Но не в этом ритуале дело. Приют отвратителен изнутри. Персоналу делать особо нечего, а персонал, вероятно, не терпит безделья, как природа – пустоты. С течением времени это нарядное здание пятидесятых годов, с его бледно-желтой штукатуркой и приятными пропорциями, превращается в нечто вроде погребка в деревенском вкусе, с резными полочками и розовыми пластмассовыми цветами, с дешевыми латунными подсвечниками и картинками с плачущими детьми. А еще стены увешаны множеством готовых афоризмов в пластиковых рамках на тему счастья в жизни и материнской любви.
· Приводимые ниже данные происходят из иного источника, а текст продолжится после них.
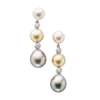 each set with a cream and golden cultured pearl, between collet set diamonds, terminating in a grey drop shaped pearl, mounted in unmarked white metal with post and butterfly fittings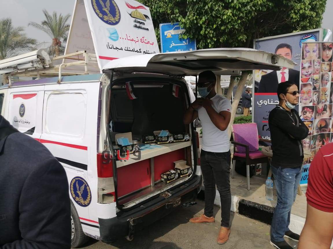 دفع قسم شرطة التجمع الأول بالرحاب بعربة محملة بأعلام مصر والكمامات الطبية لتوزيعها على الناخبين مجانا قبل دخولهم إلى لجان الاقتراع داخل المدرسة البريطانية.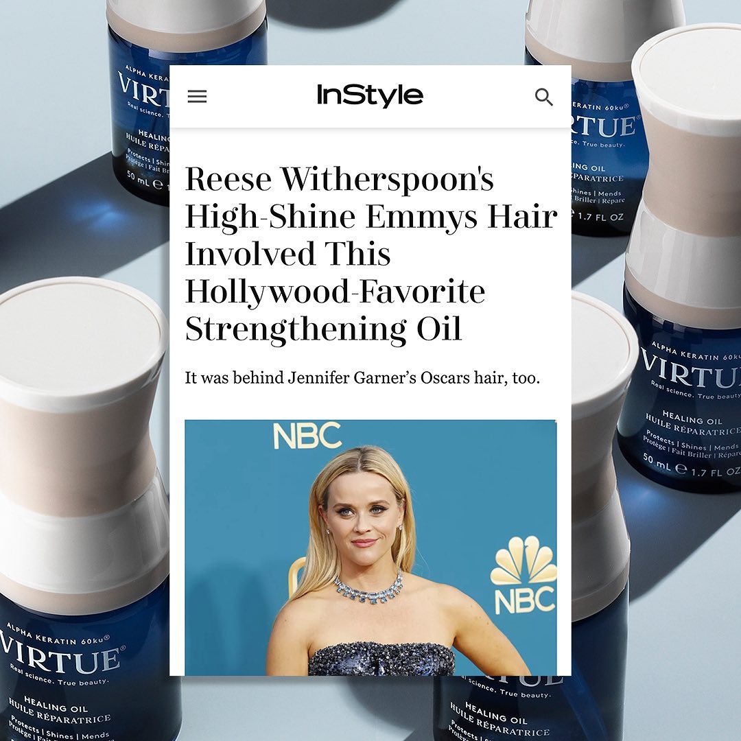 The incredible @lonavigi created Reese’s Emmy night look, and @instylemagazine is sharing the deets: “Lona Vigi used an impressive mix of the brand's best-selling 6-in-1 Styler and the Volumizing Primer on Witherspoon's signature blonde locks. But the hero product that gave her hair that enviable shine was the Garner-approved Healing Oil that seems to be a red carpet favorite — and for good reason.” ✨Spend $50+ on virtuelabs.com and receive our beloved Healing Oil as our gift to you, and your hair✨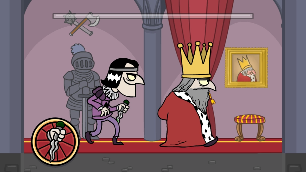 我要当国王,也叫刺杀国王,是一款充满搞笑幽默元素的休闲策略游戏。这款游戏的手机版设定十分有趣,玩家初始身份是刺客。当国王即将回头时会有明显的前兆,像转头的动作、头部轻微晃动等,这时玩家得马上松手停止行动,要是继续蓄力就会被当场逮住;而当国王低头往前走、没有任何动作的时候,就是刺杀他的好时机。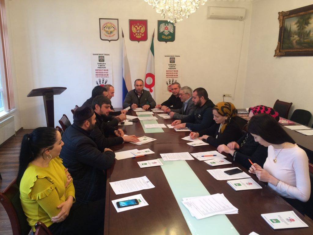 Также согласно плану мероприятий администрацией 6 декабря в г. Назрань состоялся круглый стол на тему «Мы против коррупции» и проведены семинарские занятия с муниципальными служащими администрации города, участие приняли и представители общественного совета. Участники встречи рассмотрели ряд вопросов, в том числе: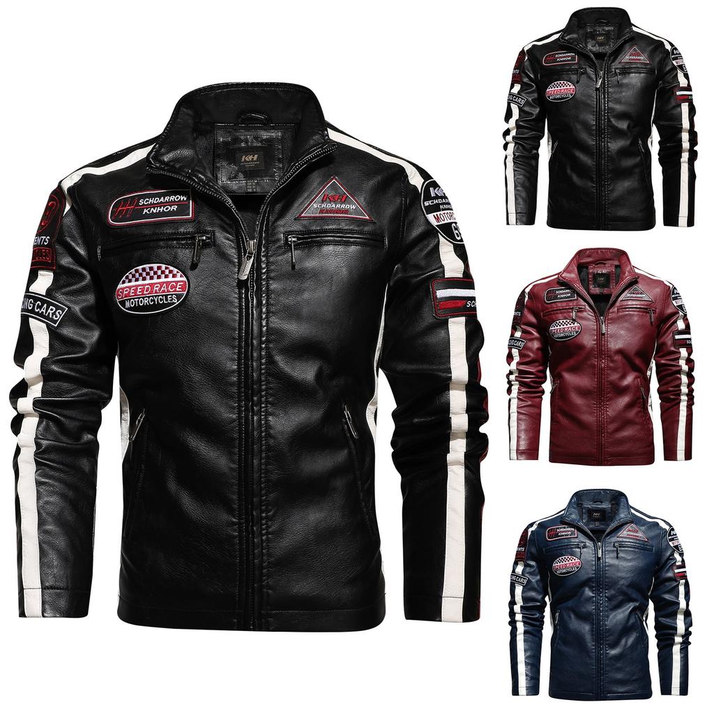 Кожаные мужские осенние и зимние мотоциклетные куртки с вышивкой, мужские кожаные куртки
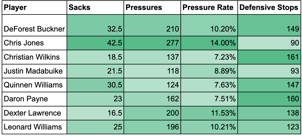 Buckner ranks 2nd or 3rd in every category. What’s interesting is the similarities between Buckner and Leonard WIlliams. The two are close in total pressures and almost identical in pressure rate. But Buckner outpaces Leonard in sacks and defensive stops. Williams just re-signed with the Seahawks for three years and $64.5 million with almost $44 million fully guaranteed and an APY of $21.5 million. With Williams just a few months younger than Buckner that contract should serve as the floor for Buckner’s new deal.

От этого не только здание словно сжимается, но и люди в нем кажутся меньше, чем они есть на самом деле. Почему такой человек, как Фольке – старый садовник, который всю свою жизнь проращивал семена и смотрел, как раскрываются бутоны, – должен умирать, окруженный пластмассовыми геранями? Лучше было бы отнести его в лес или просто поставить его кровать у церковных дверей, чтобы он в свой последний миг мог насладиться тем, что делает жизнь сносной: отсветом небес и красотой мира.

Раньше Эрика и девочек раздражала эта чрезмерная чувствительность ее глаз.
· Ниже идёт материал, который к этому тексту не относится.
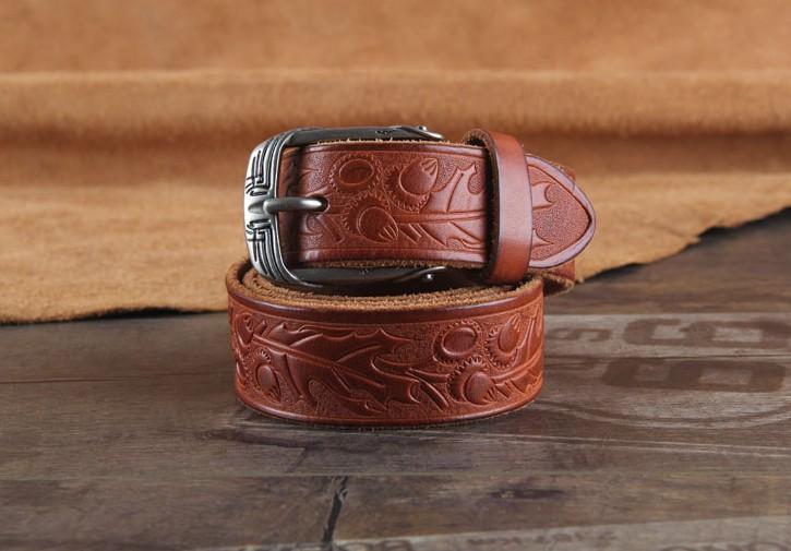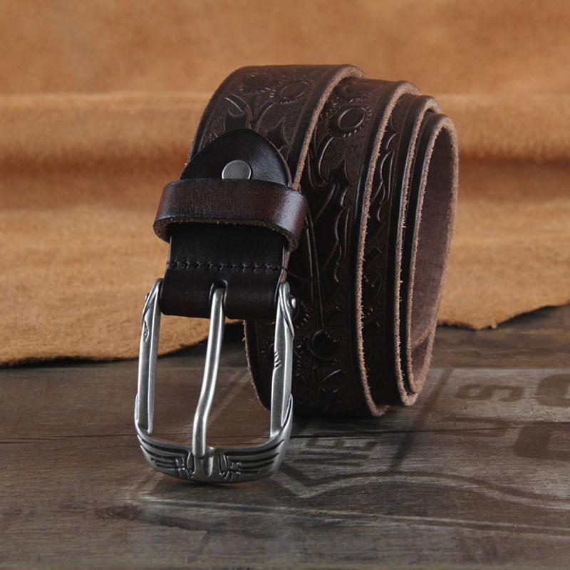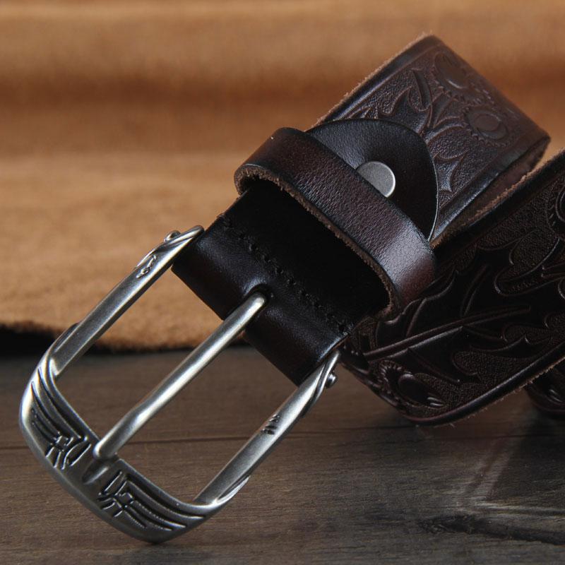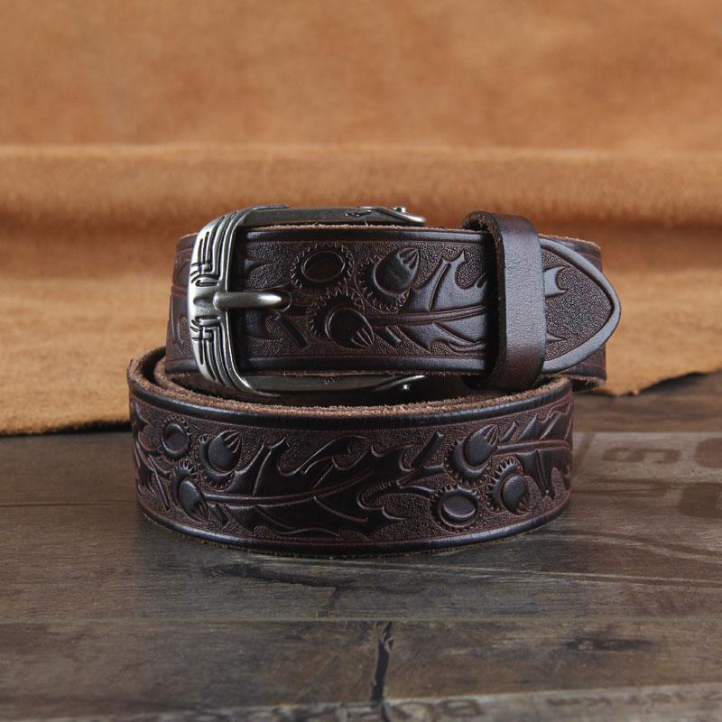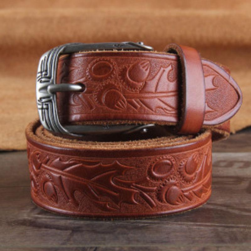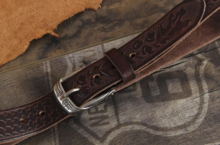 Design: Genuine Leather Punk Rock Biker Tooled Floral Trucker Mens Belt Men Black Coffee Belt for Men

– Мама у нас эстет, – говорил обычно Эрик и подмигивал одним глазом. – Пусть будет по ее.

Конечно. Еще бы! Эстетом ее сделала жизнь у Тети Эллен. Но когда она сказала об этом Эрику, тот лишь усмехнулся и сменил тему. Она догадывалась, о чем он подумал: что хороший вкус воспитывается образованием, а у Тети Эллен никакого образования не было. Простая – вот слово, которым он обычно пользовался: «Кристину вырастила простая женщина...»

И всякий раз Кристина немела от этого его снисходительного взгляда на Тетю Эллен, как на человека менее значительного, чем, к примеру, его мать. Трусишка Ингеборг выросла за городом, в домике священника, а не в закутке у железной плиты в Норчёпинге, она ходила в школу для девочек, когда Эллен служила домработницей, она пила чай из английского фарфора, когда Эллен пила кофе из густавсбергской кружки, и все это делало ее в глазах Эрика подлиннее и глубже Эллен. Но Трусишка Ингеборг ничего не знала о красоте: она окружала себя лишь теми атрибутами, которые ей полагались по рангу, так же точно, как она всю свою жизнь поступала, думала и чувствовала – так, как полагалось. Послушная.

Кристина понимала, разумеется, что пренебрежительность Эрика – от незнания, он, конечно, встречал людей, испытавших лишения, но понятия не имел о той жизни, которую формирует бедность. Напоминания о том, что условия существования «простых» далеко не простые, его только раздражали: мало-мальски инициативные люди всегда пробьются, а об остальных приходится как-то заботиться обществу. Впрочем, сама Кристина не слишком часто касалась этой темы – слова буквально застревали у нее в глотке. Как сложилась бы ее собственная жизнь без Эрика и его семьи? Это ведь они дали ей нынешний общественный статус, сделали человеком.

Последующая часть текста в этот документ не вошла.